By tree we mean a graph $G$ in which any two vertices $v, y$ are connected by a single path. Equivalently, an undirected, connected, acyclical graph.
So, there's this thing in statistics called a Decision, or Regression Tree. You feed it the algorithm a sample of data, each observation consisting of a pair $(x, y)$. Explanatory variables corresponding to a point $x \in \mathbb{R}^n$ and outcomes to $y \in Y$. If $Y = \mathbb{R}$ then it's called a regression tree, if $Y$ is closed and discrete then it's a decision tree. Once you find the better suited tree, you (ideally) have a good model for predicting these outcomes. One can extend this framework to outcomes with higher dimensionality, but let's stay with this toy model for now.

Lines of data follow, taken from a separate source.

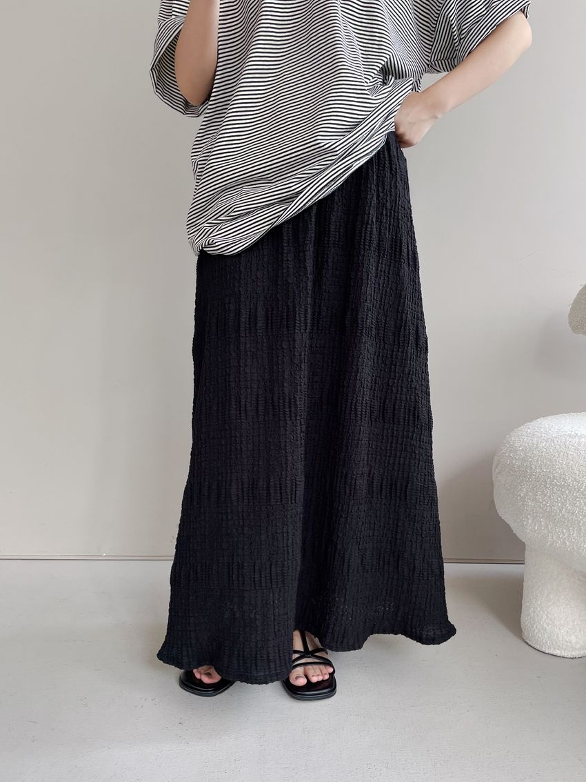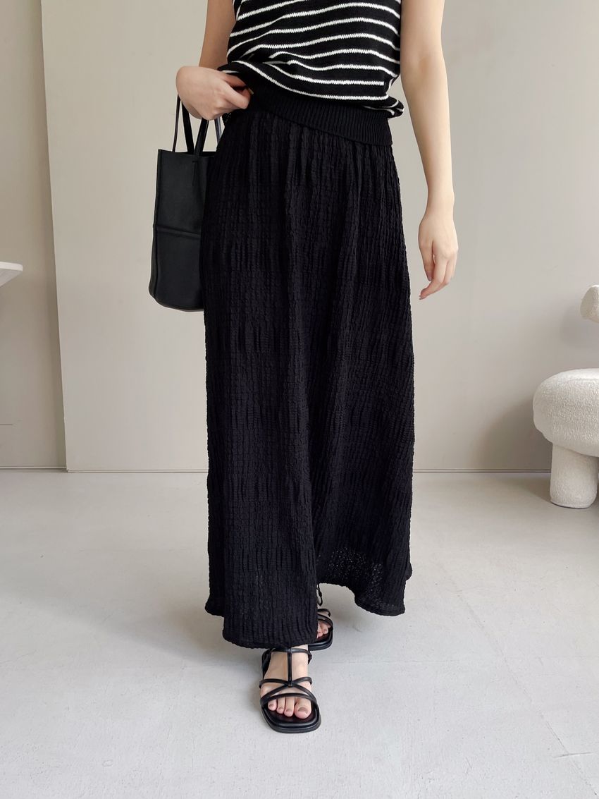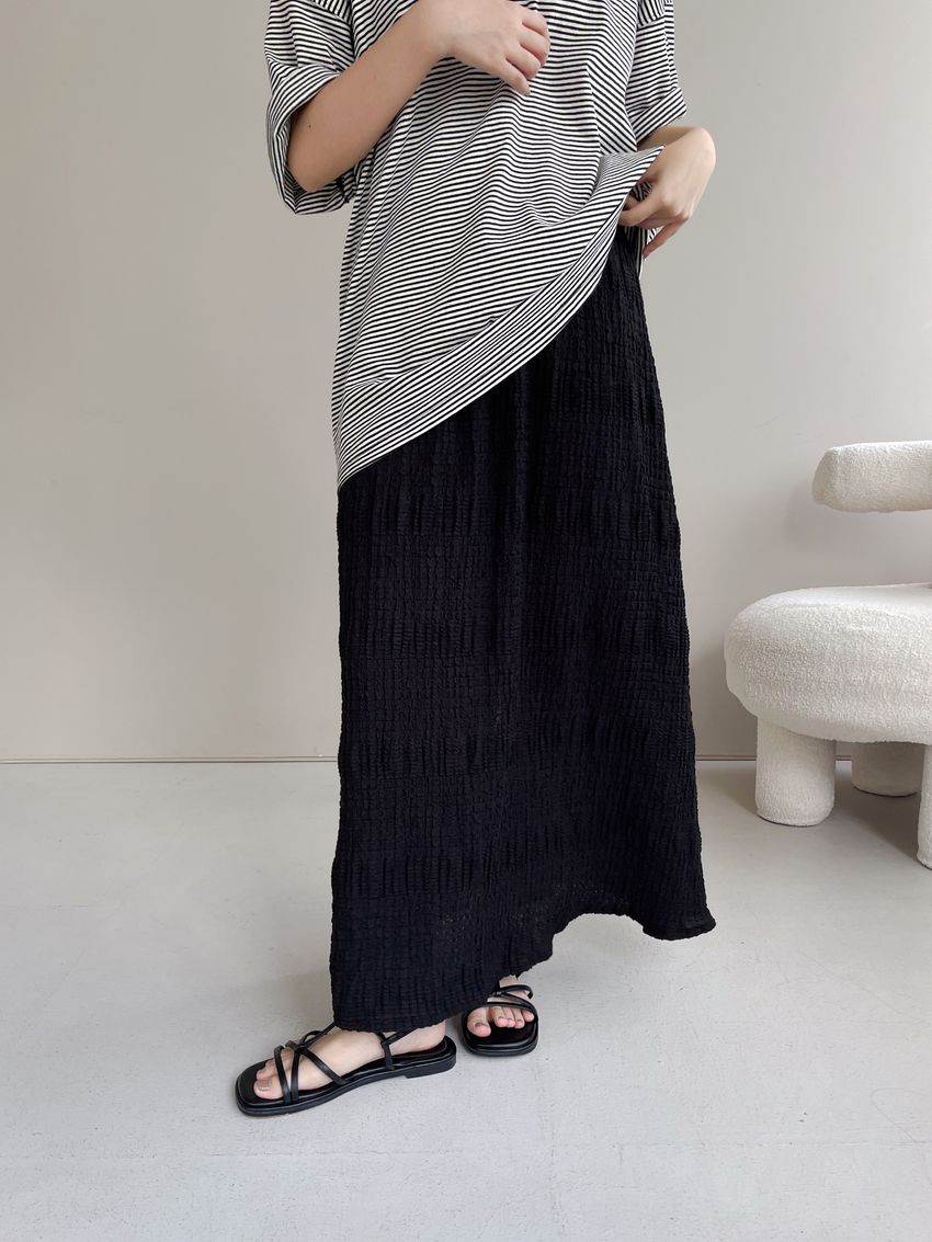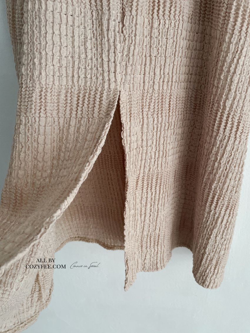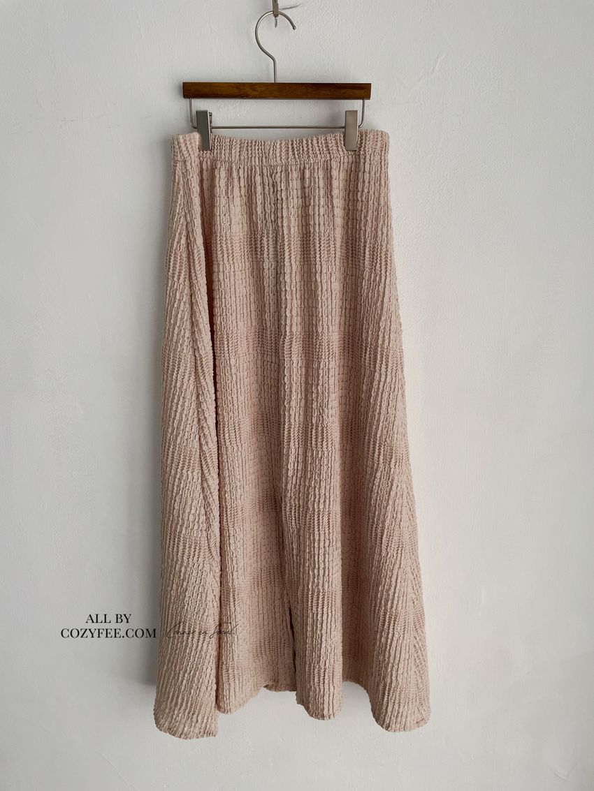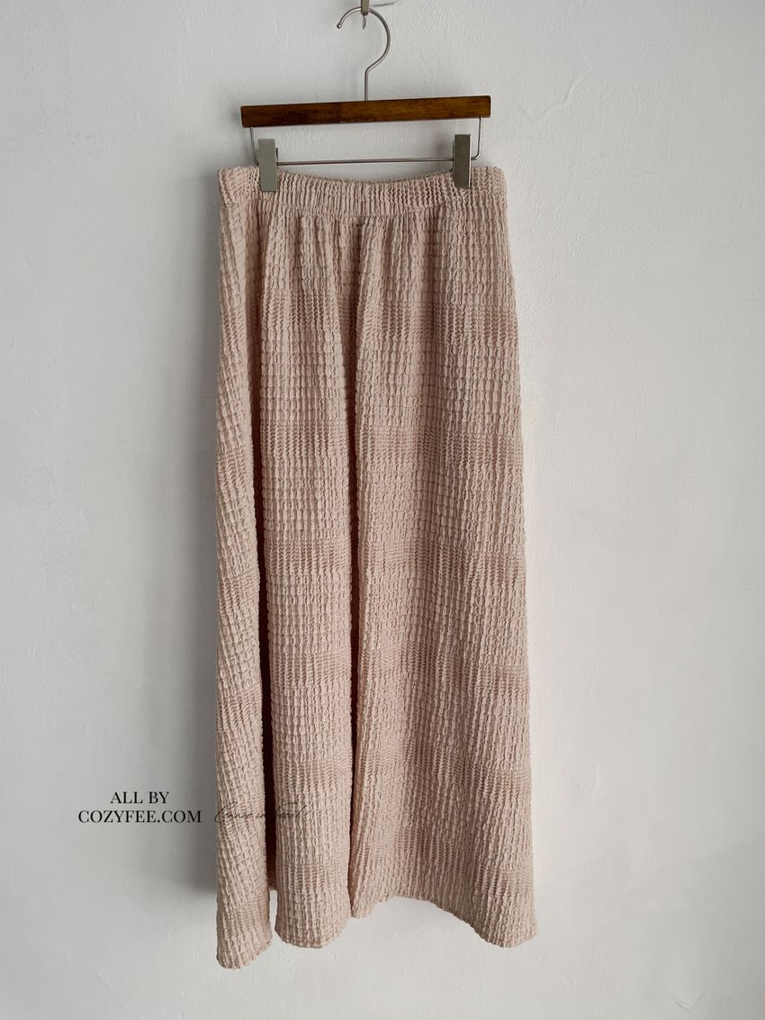 81%poly 18%cotton 1%span腰圍整圈鬆緊後下擺開衩無內裡黑色 / 藕粉色 / 淺奶茶杏色單一尺寸 建議S號~L號身型適合model / Yen - 159cm / 44kg 腰24 臀34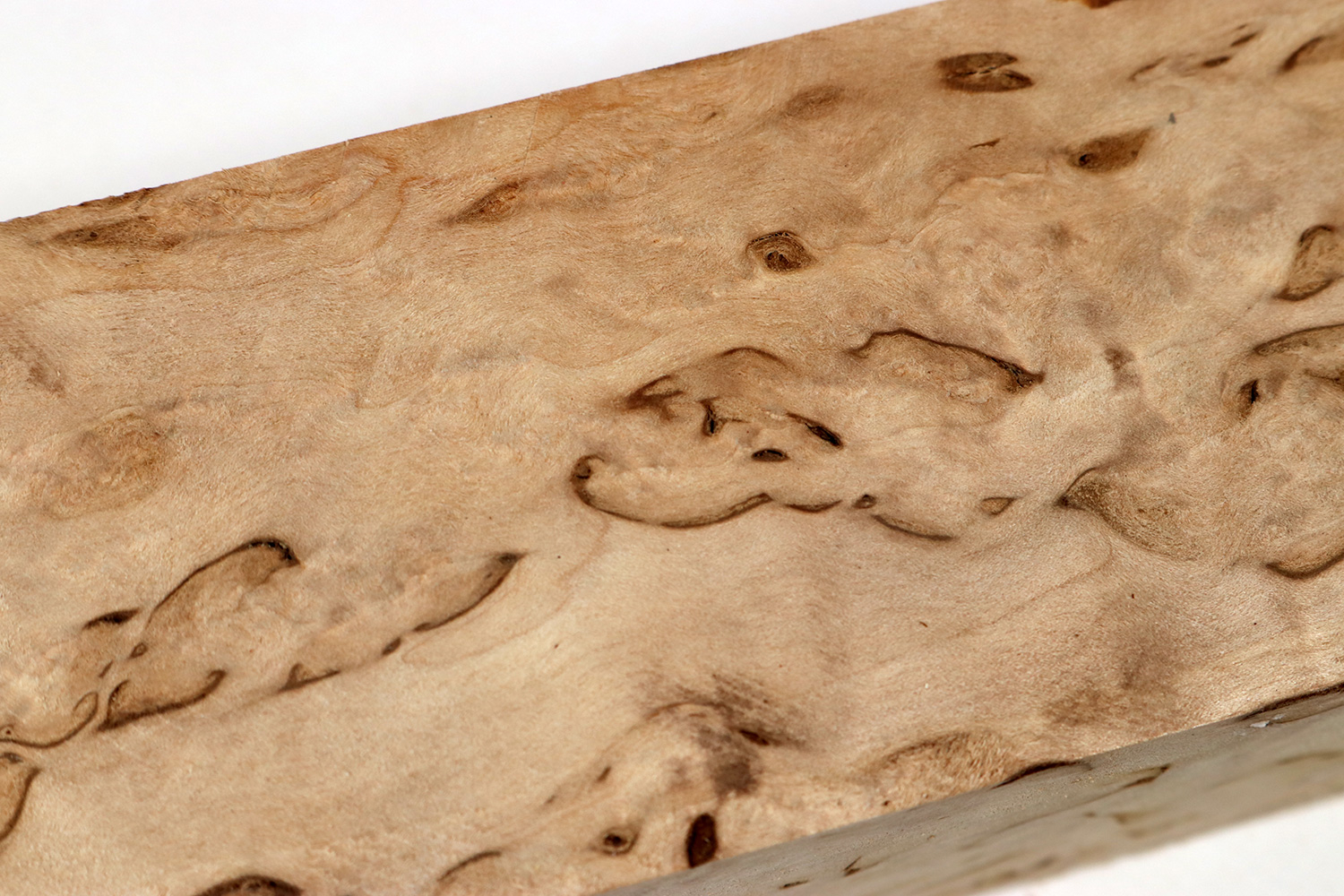 Die Karelische Maserbirke (Betula pendula var. carelica) kommt in der Grenzregion zwischen Rußland und Ostfinnland, dem sogenannten Karelien vor. Es ist einfach DAS klassische Holz für nordische Messer aller Art, wie z.B. Sami-Messer. Eine Verwendbarkeit für größere Objekte schließt sich auf Grund der eher geringen Dimensionen von selbst aus (die Stämme haben üblicherweise einen Durchmesser von lediglich 10-20 cm). Gut gemaserte Stämme sind verhältnissmäßig selten und begehrt. Das typische Aussehen in Form der braunen Adern ist einzigartig und kommt bei keinem anderen Maserholz vor.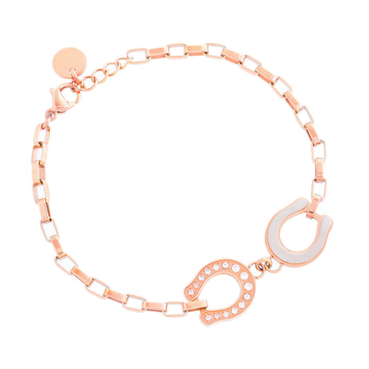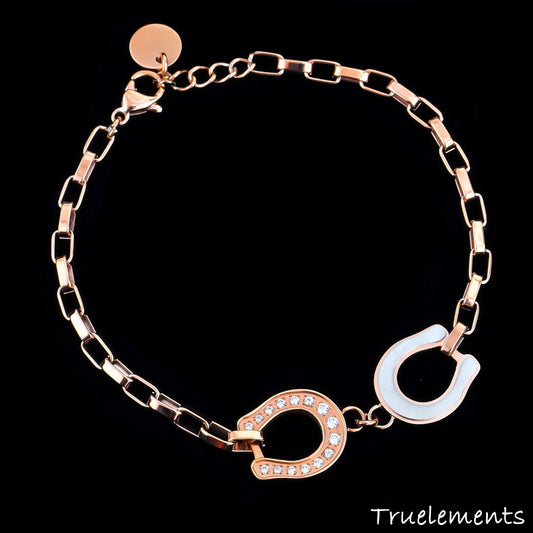 Truelements(トルゥーエレメント) 馬蹄デザイン レディース ブレスレット ピンクゴールド クリアジルコニア サージカルステンレス 316L 金属アレルギー対応 ラッキーホースシュー (TESAM-0141)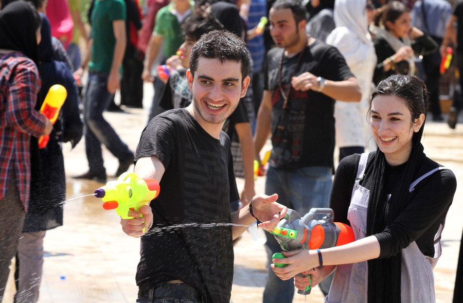 Read moreIranian youths shoot water at each other with water guns, during water fights at the Water and Fire Park in northern Tehran, on July 29, 2011. During the summer, Iran was trying to put down a new wave of civil disobedience - flash mobs of young people who broke into boisterous fights with water guns in public parks. Dozens of water fighters were arrested and a top judiciary official warned that "counter-revolutionaries" were behind them. #

We now have to define a metric for inequality - for reasons which will soon become clear. Say you're modelling income using three variables: higher degree binary, years of experience and height. There's different ways to divide the sample of data into two parts such that the proportions of outcomes $y$ above a certain real number $m$ are the most distant. One can divide the data into people above and below the median height. There might be a difference in income, maybe statistically significant even. We do know however that dividing the data into people with and without college degrees likely induces a much larger difference of income across samples. That seems to be a better division of the data, in the sense that it maximizes inequality of outcomes across samples under a certain metric - or minimizes entropy within samples.
Paths from the root to leaves characterise classificafication or prediction rules such that for any $x$ in $\mathbb{R}^n$ there is a $y \in Y$ which is the best prediction given data and hyperparameters of the tree. Each leaf/rule maps points that arrive at it to predicted values using aggregations such as mean or median of the outcome. This sounds like a function $T : \mathbb{R}^n \to Y$.
(Little détour: It seems reasonable that aggregating $k$ decision trees into a forest and averaging their predictions, if all explanatory variables are continuous then for a high enough $k$ the resulting forest $F : \mathbb{R}^n \to Y$ is continuous.)
My question is how do I represent decision trees as mappings between a vector space and some target set?